START DATA PROVIDED

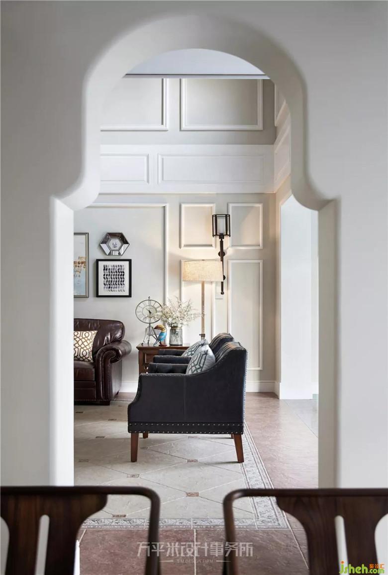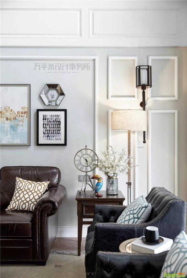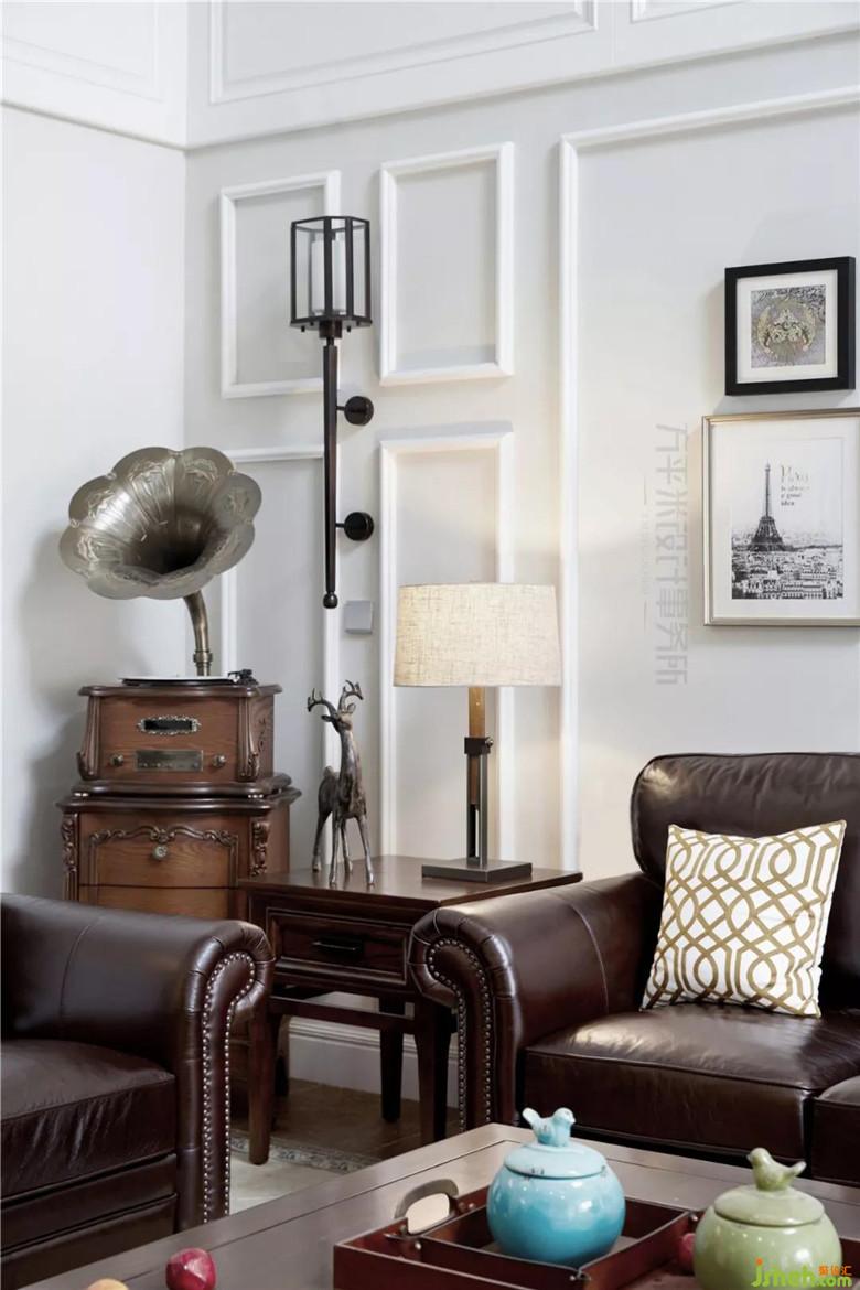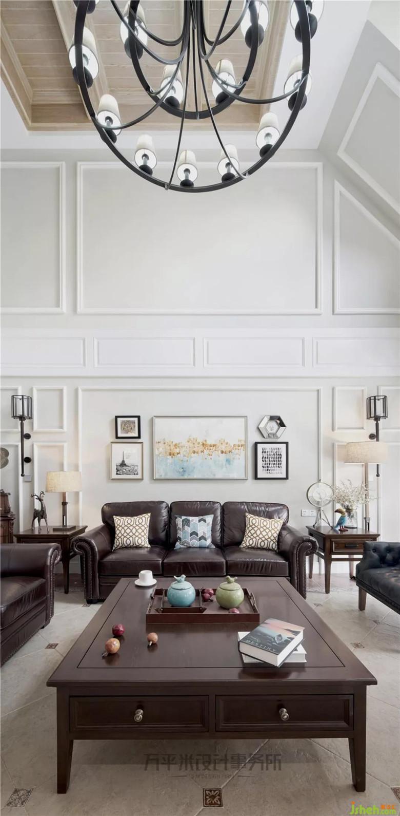 選用深色皮質(zhì)及木質(zhì)家具,利用沉穩(wěn)色彩將大空間的重心壓低。木質(zhì)護墻板環(huán)繞區(qū)分樓層位置,上層精簡線條適當留白,主次分明。鐵藝元素及復古擺件點綴。線框以考究比例分隔,豐富長距離墻面。
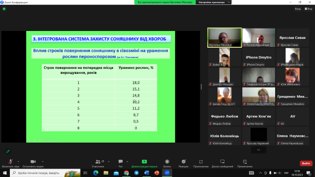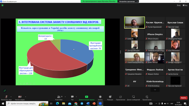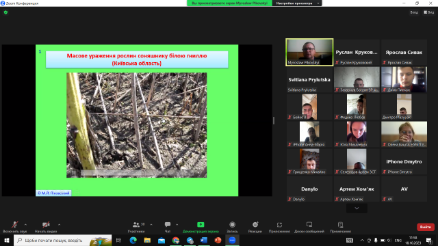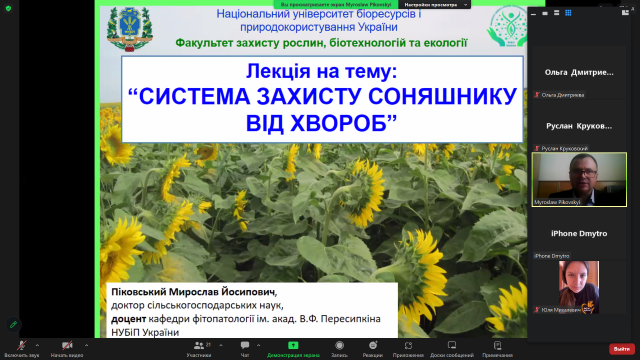 18 жовтня 2023 року Мирослав Піковський, доктор с-г. наук, доцент кафедри фітопатології ім. акад. В.Ф. Пересипкіна провів відкриту лекцію з дисципліни «Сільськогосподарська фітопатологія» на тему: «Система захисту соняшнику від хвороб» для студентів ІV курсу факультету захисту рослин, біотехнології та екології, спеціальності 202 «Захист і карантин рослин». На лекції також були присутні науково-педагогічні працівники факультету.
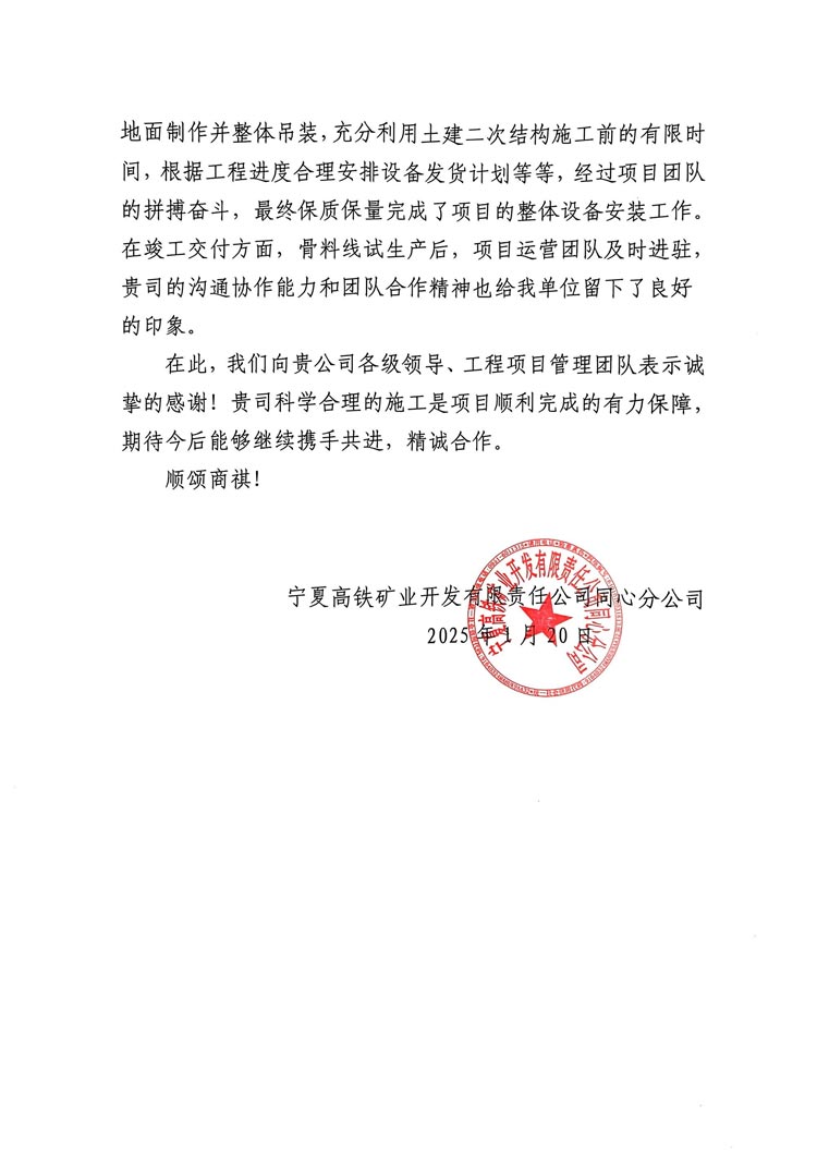 新春前夕,中譽鼎力迎來了一份的新年禮物——寧夏高鐵同心分公司的感謝信和錦旗。感恩客戶對我們過去一年工作的高度認可,新的一年,愿與所有客戶及企業同仁攜手共進,披荊斬棘,續寫高質量發展華彩新篇。

END DATA PROVIDED

**ASSIGNED TASK**
An exact copy of the listing is needed, minus its pictures.

**OUTPUT FOR THIS TASK**
 選用深色皮質(zhì)及木質(zhì)家具,利用沉穩(wěn)色彩將大空間的重心壓低。木質(zhì)護墻板環(huán)繞區(qū)分樓層位置,上層精簡線條適當留白,主次分明。鐵藝元素及復古擺件點綴。線框以考究比例分隔,豐富長距離墻面。
 18 жовтня 2023 року Мирослав Піковський, доктор с-г. наук, доцент кафедри фітопатології ім. акад. В.Ф. Пересипкіна провів відкриту лекцію з дисципліни «Сільськогосподарська фітопатологія» на тему: «Система захисту соняшнику від хвороб» для студентів ІV курсу факультету захисту рослин, біотехнології та екології, спеціальності 202 «Захист і карантин рослин». На лекції також були присутні науково-педагогічні працівники факультету.
 新春前夕,中譽鼎力迎來了一份的新年禮物——寧夏高鐵同心分公司的感謝信和錦旗。感恩客戶對我們過去一年工作的高度認可,新的一年,愿與所有客戶及企業同仁攜手共進,披荊斬棘,續寫高質量發展華彩新篇。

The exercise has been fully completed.